1 Battery Pack — Real Capacity, BMS Buffer, and the Chemistry Ford Doesn't Advertise 131 kWh usable · Lithium-ion Pouch · LFP-free
Ford publishes 131 kWh usable. That's the number on every spec page and in the press kit PDF. What they don't publish is the gross capacity — and based on what owners have pulled via diagnostic tools and third-party EV monitoring apps, the gross pack sits at roughly 136–138 kWh.

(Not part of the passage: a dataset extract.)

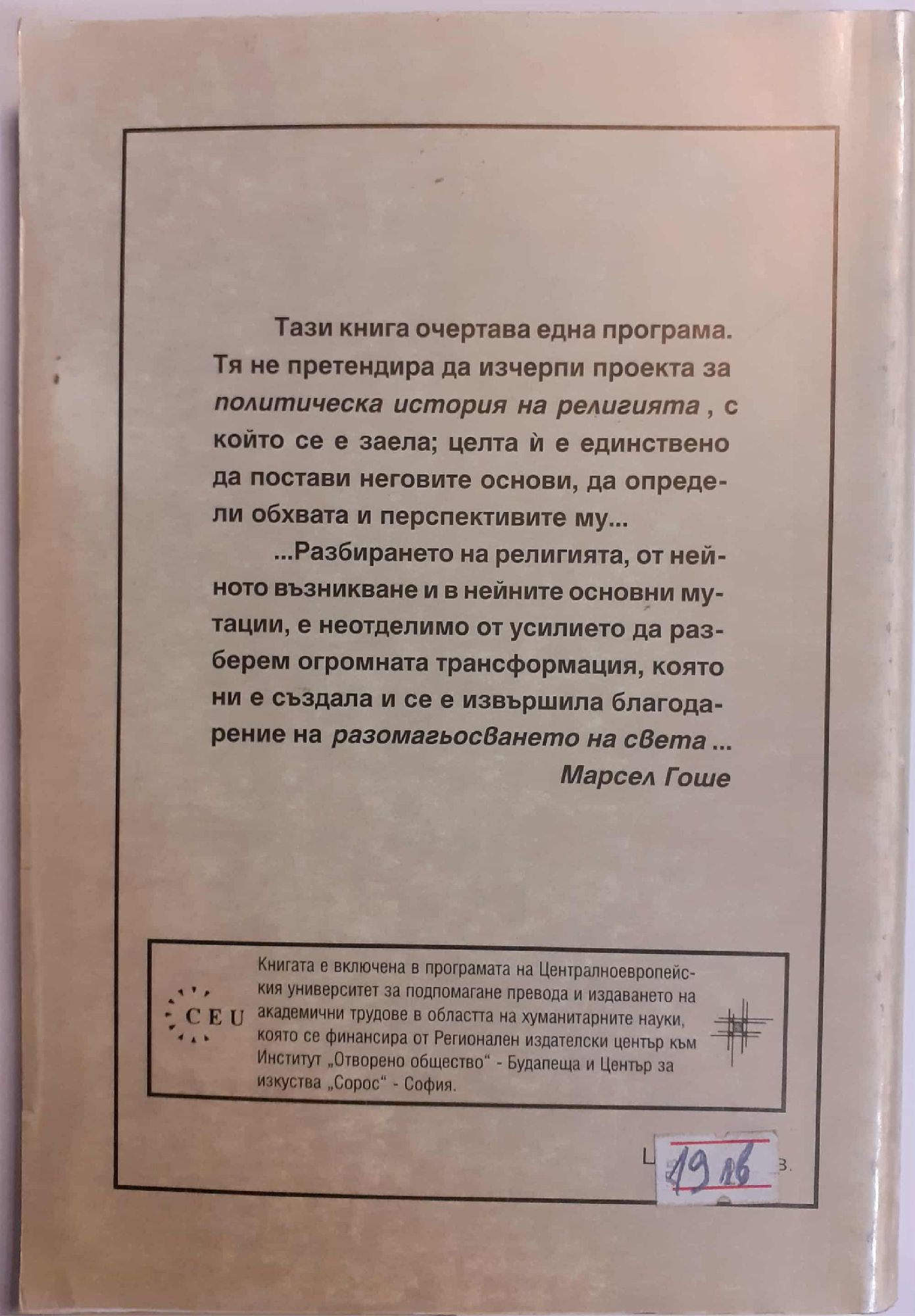 Тази книга очертава една програма. Тя не претендира да изчерпи проекта за политическа история на религията, с който се е заела; целта й е единствено да постави неговите основи, да определи обхвата и перспективите му.

The BMS holds back around 5–7 kWh permanently, and that buffer is never accessible or mentioned in any consumer documentation.
The cell chemistry is lithium-ion pouch format — not cylindrical, not prismatic. Liquid cooled, with the battery management system integrated directly into the pack. Ford assembles the pack at the Rawsonville Components Plant in Michigan. Based on teardown reporting and factory service documentation that's been shared in technical owner forums, the supplier chemistry is nickel-based NMC — not LFP. That matters for charging strategy: don't routinely charge to 100% if you want long-term pack health.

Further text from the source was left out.